**WHAT TO WORK ON**
Could you output exactly the lines running from the one containing "Elevate your style" to the final line of the listing below, leaving out pictures?

* * *

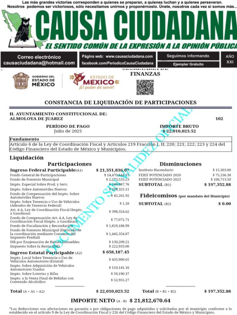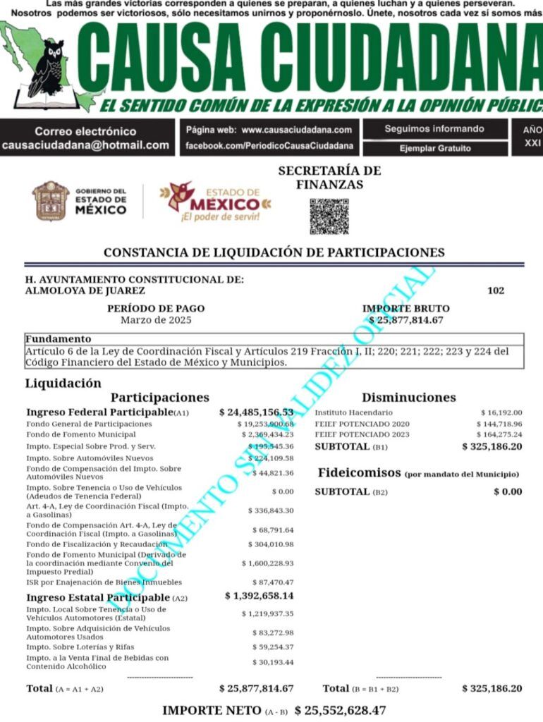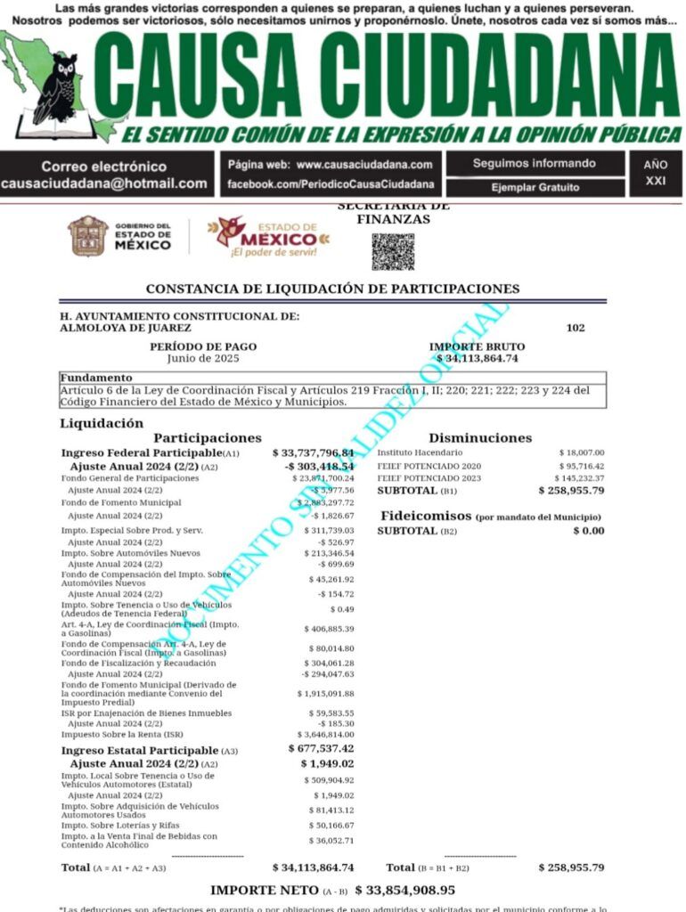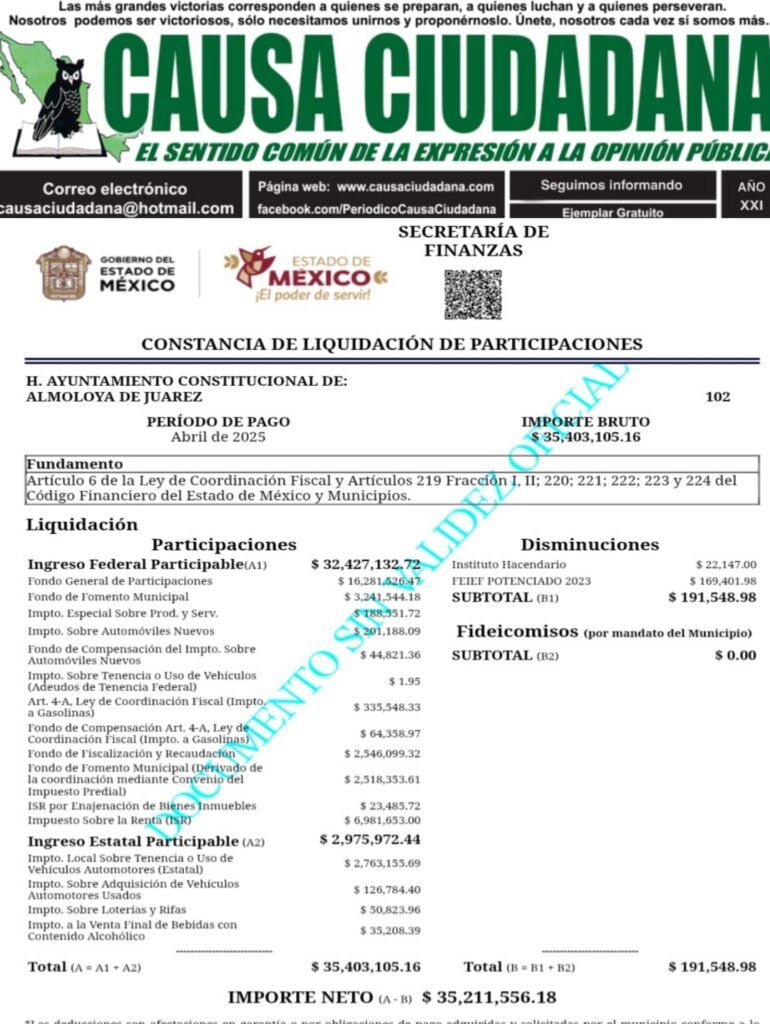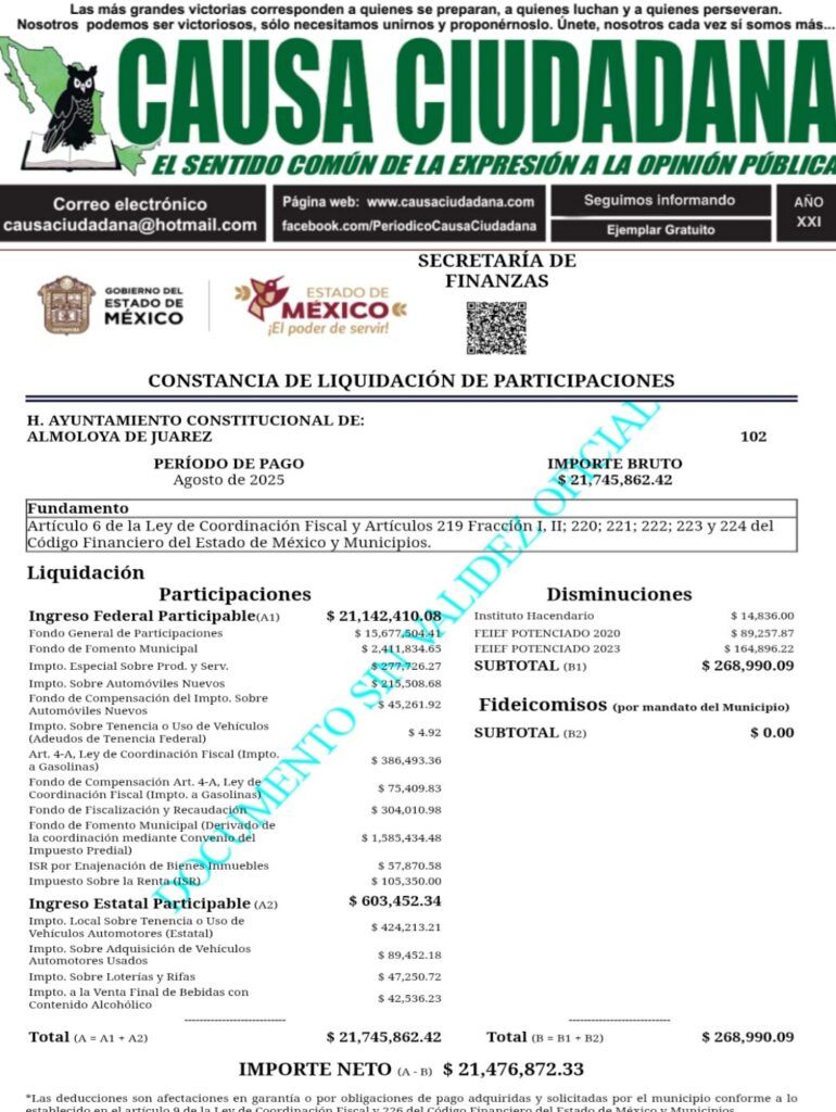 De acuerdo con registros oficiales de transferencias estatales y reportes públicos de finanzas del Estado de México, entre enero y noviembre el Ayuntamiento de Almoloya de Juárez recibió 290 millones 587 mil pesos provenientes del Gobierno del Estado, correspondientes a participaciones, aportaciones y fondos con destino específico.
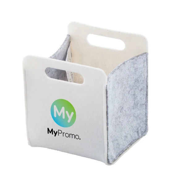 Deze milieuvriendelijke bureau-organizer, gemaakt van duurzaam rPET, biedt stijl en duurzaamheid voor elke werkplek. Met handige gestanste handgrepen is hij gemakkelijk te verplaatsen en ideaal voor het organiseren van kantoorartikelen, documenten en kleine benodigdheden. Met full-color personalisatie-opties is hij perfect om het logo of ontwerp van je merk te laten zien en een levendig accent aan je bureau toe te voegen.
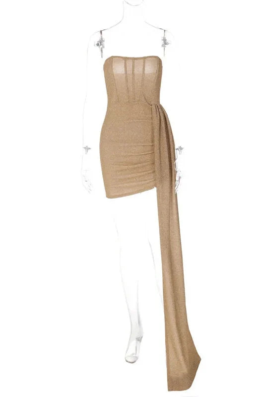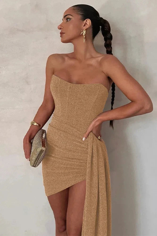 Elevate your style with this stunning mini dress, featuring a sparkling glitter finish, a flattering V-neck, and a chic side slit. Perfect for any occasion!
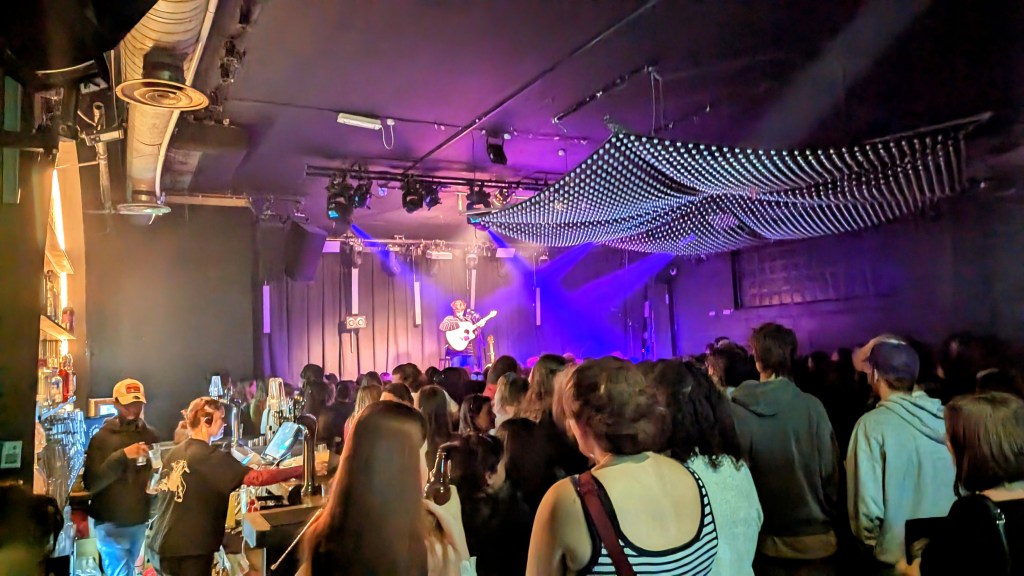 There’s a merch stand, and a bar.
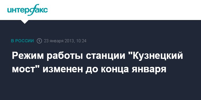 Режим работы станции "Кузнецкий мост" изменен до конца января
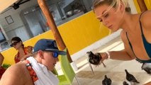 A woman feeds a flock of seagulls some chips. They anticipate the food and hover over her, anxious to see who gets it. One gets so excited that he poops on her. Instantly the woman laughs and turns to the camera, showing the stain on her chest. Gross out!
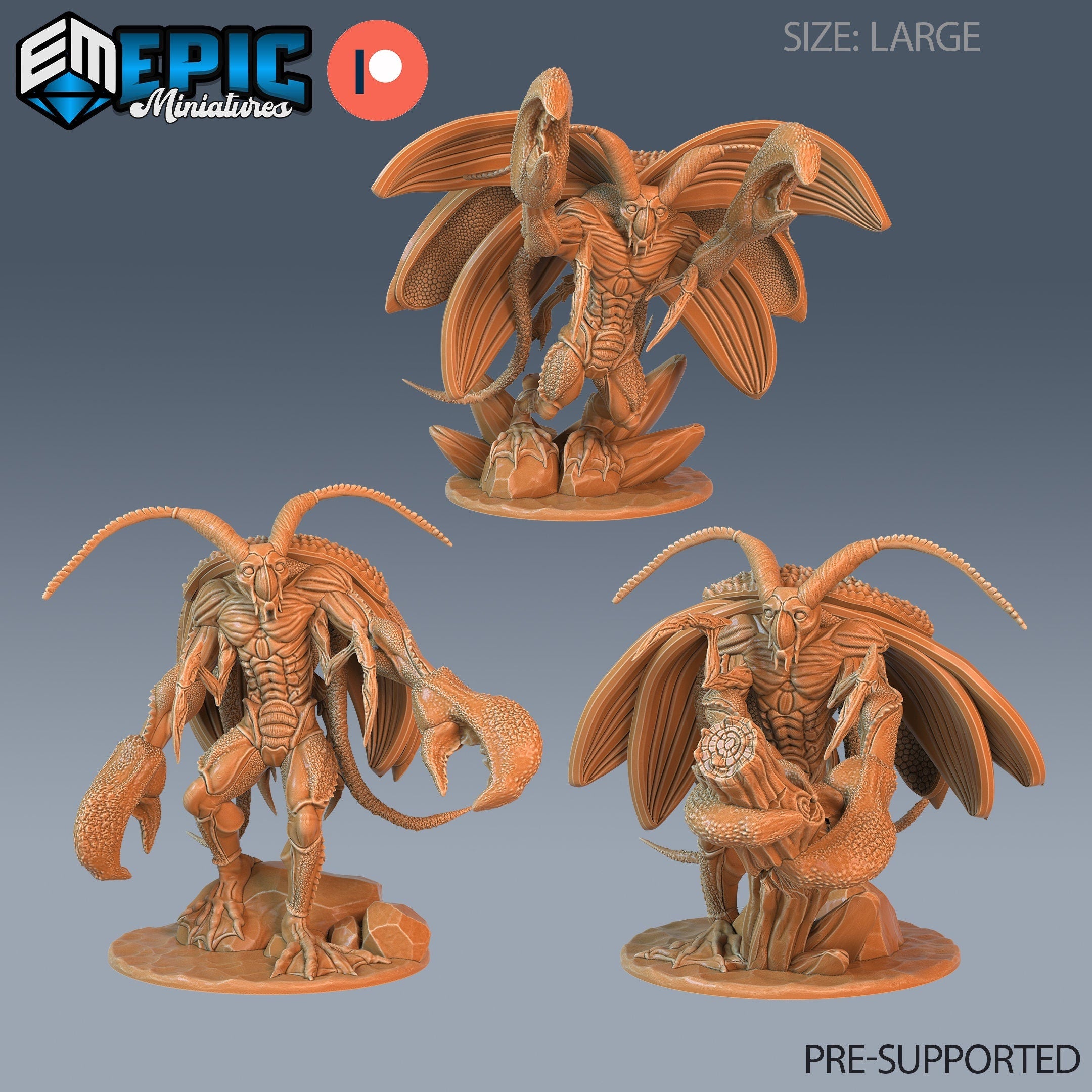 Lobster cockroach set (3 versions) | aqua tribe warrior | underwater ocean encounter | epic miniatures | unpainted miniature in resin

* * *

**RESPONSE BELOW**
 Elevate your style with this stunning mini dress, featuring a sparkling glitter finish, a flattering V-neck, and a chic side slit. Perfect for any occasion!
 There’s a merch stand, and a bar.
 Режим работы станции "Кузнецкий мост" изменен до конца января
 A woman feeds a flock of seagulls some chips. They anticipate the food and hover over her, anxious to see who gets it. One gets so excited that he poops on her. Instantly the woman laughs and turns to the camera, showing the stain on her chest. Gross out!
 Lobster cockroach set (3 versions) | aqua tribe warrior | underwater ocean encounter | epic miniatures | unpainted miniature in resin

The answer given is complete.